El modus operandi de la política exterior de Bush

Opinion/IdeasEl modus operandi de la política exterior de Bush

El modus operandi de la política exterior de Bush

En apenas un mes en el ejercicio del poder el presidente norteamericano ha exhibido claramente que su relación con el mundo exterior estará centrada en un pragmatismo sin principios y que la ley internacional siempre quedará subordinada a los intereses de la Casa Blanca.

Por Ricardo López Dusil

Textual

"El gobierno encontrará los medios para restaurar la seguridad de los israelíes." Ariel Sharon, luego de un atentado palestino en Netanya, el 4/3/01.

"Hay que luchar contra los terroristas sin convertirse en terroristas." Shlomo Ben Ami, ministro de Seguridad Interior saliente, el 4/3/01.

“Estamos viviendo tiempos muy difíciles y me temo que nos hallamos al borde de una situación más grave. La economía palestina está al borde del colapso, la Autoridad Palestina se empieza a desintegrar y un estado de anarquía y de gobierno de bandas se está apoderando de Cisjordania y Gaza”. Martin Indyk, embajador de EEUU en Israel, el 2/3/01.

Las recientes elecciones norteamericanas se dirimieron, según una ácida caracterización del influyente Washington Post, entre un candidato talentoso, pero carente de carisma, y un candidato carismático carente de talento. Ganó Bush, el carismático.

Pero su llegada a la Casa Blanca, por primera vez en la historia norteamericana, quedará signada por una sombra de ilegitimidad.
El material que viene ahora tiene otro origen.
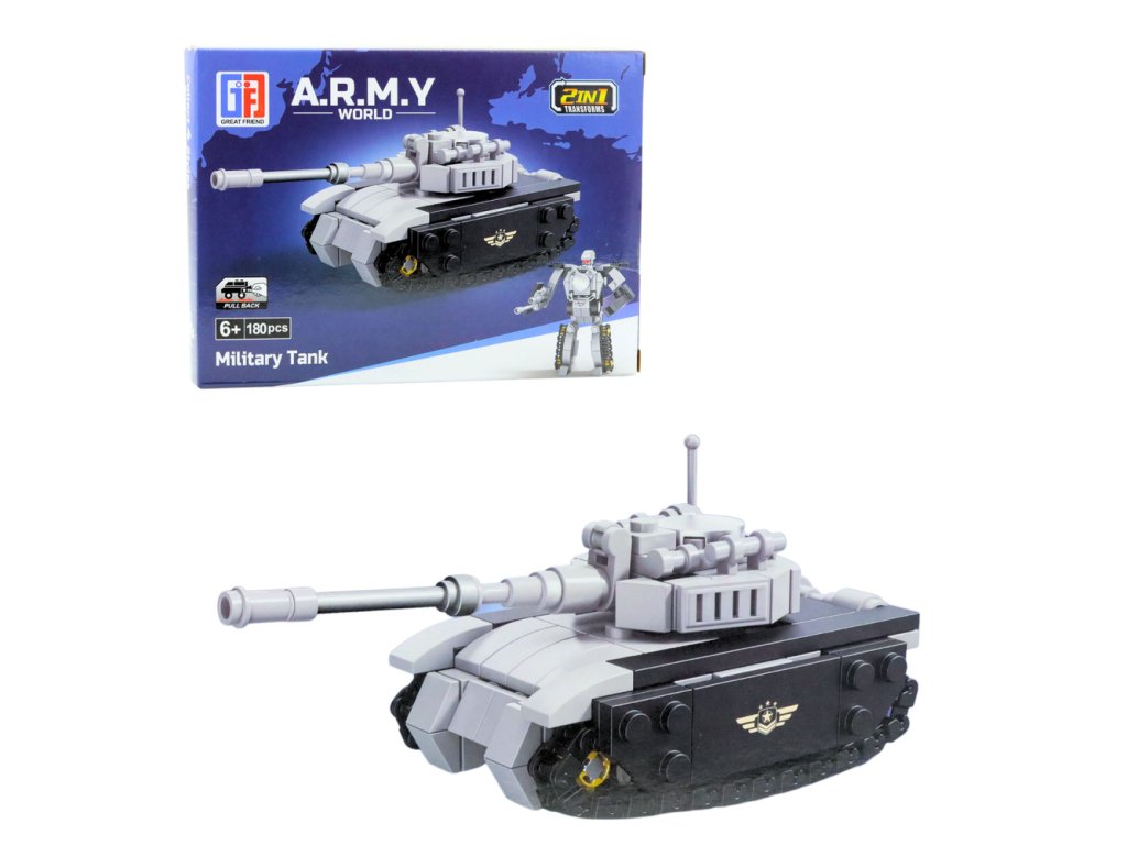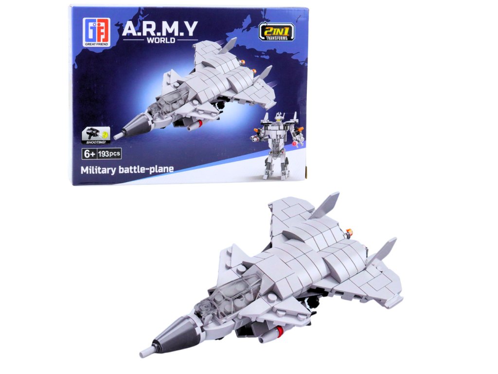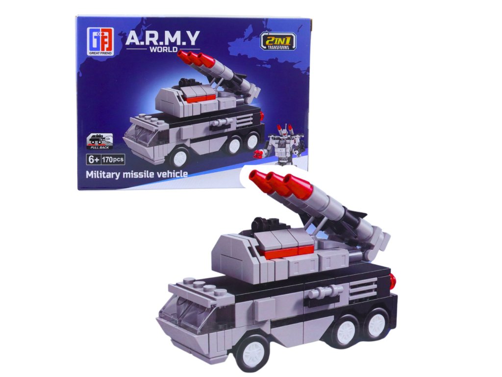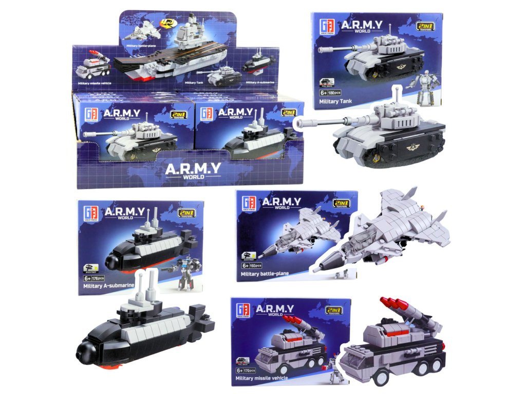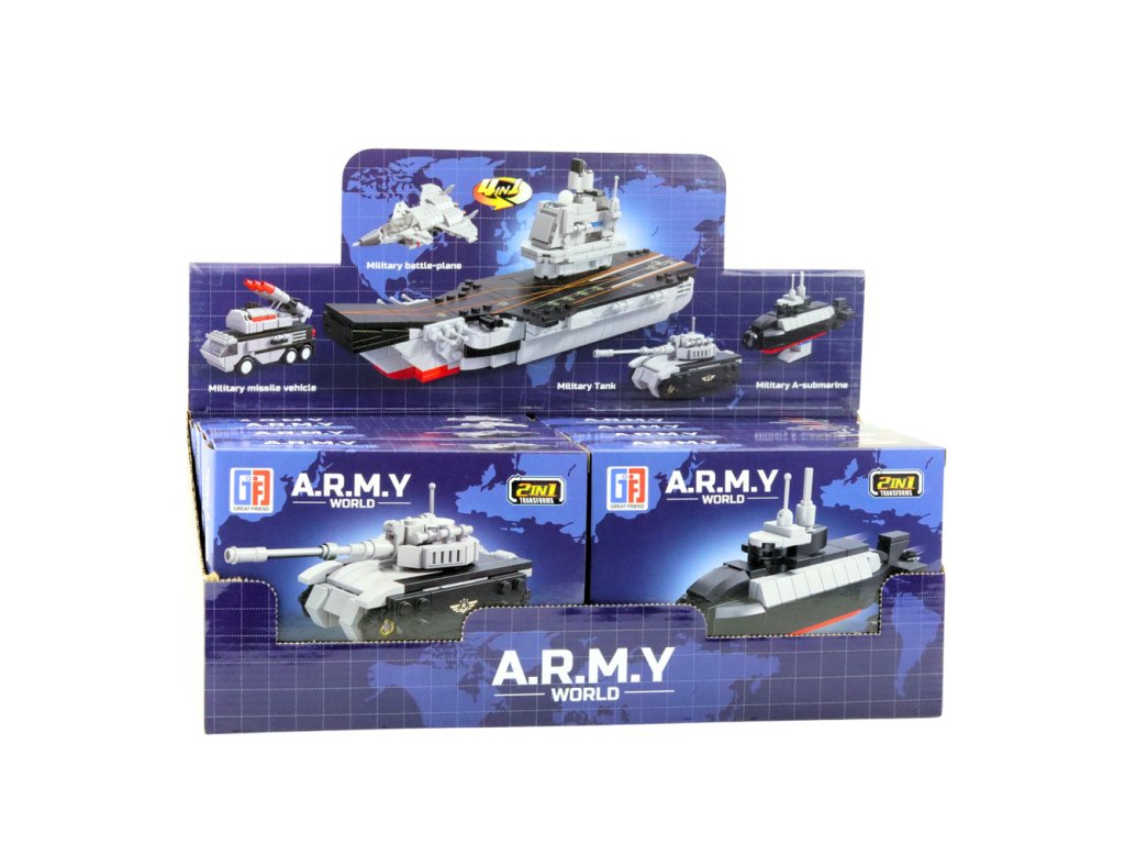 Stavebnice ARMY 2-IN-1 jsou jedinečnou možností pro děti fascinované armádou, bojovými vozidly a stavbou vlastních modelů. Tato sada vám umožní postavit různá vojenská vozidla, jako je tank, bojové letadlo, loď a odpalovač raket, a dokonce vytvořit působivého robota. Je to zábavná hra, která rozvíjí představivost a obratnost a zároveň poskytuje příležitost zahrát si vzrušující vojenské scénáře.
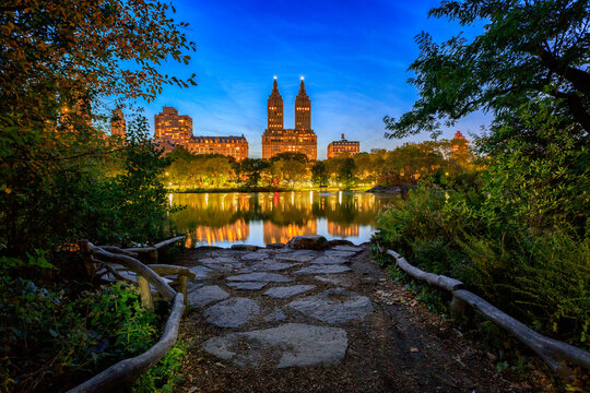 Skyline with apartment skyscrapers over lake in Central Park in midtown Manhattan in New York City

La guerra de cómputos librada entre el actual mandatario y su rival electoral, Al Gore, quedó centrada únicamente en la metodología del recuento, dejando fuera de debate un fenómeno político singularísimo: la imposibilidad de determinar con certeza quién fue el candidato ganador, ya que la diferencia de votos entre uno y otro ha sido tan exigua que queda comprendida en el inevitable margen de error de cualquier sistema de conteo, mecánico o manual.

Tal vez en ese signo de debilidad que acompañará su administración puedan encontrarse las razones por las que Bush el Joven, imposibilitado de adoptar iniciativas novedosas en política interior (ha heredado de Clinton un país en plena prosperidad) haya resuelto exhibir al mundo, rápidamente y sin pudores, cuáles serán sus lineamientos en materia de política exterior.

En apenas un mes en el ejercicio del poder Bush ha mostrado que su modus operandi estará asentado en la defensa de los intereses norteamericanos más allá de la legitimidad y la ley internacional. Es la coronación del pragmatismo sin principios.

Dos controvertidas decisiones del mandatario, dirigidas contra Libia e Irak, exhiben ese papel de gendarme impune. En el caso de Libia, manteniendo una política de sanciones unilaterales que pretenden asfixiar el régimen del coronel Muammar Khadafy, a quien Estados Unidos acusa de fomentar el terrorismo. En el caso iraquí, ejercitando con la misma discrecionalidad el bloqueo económico y los bombardeos por la presunta peligrosidad que Saddam Hussein puede representar para la estabilidad regional. Pero no hay ley internacional que ampare las sanciones colectivas tales como las que se aplican a los pueblos libios e iraquí.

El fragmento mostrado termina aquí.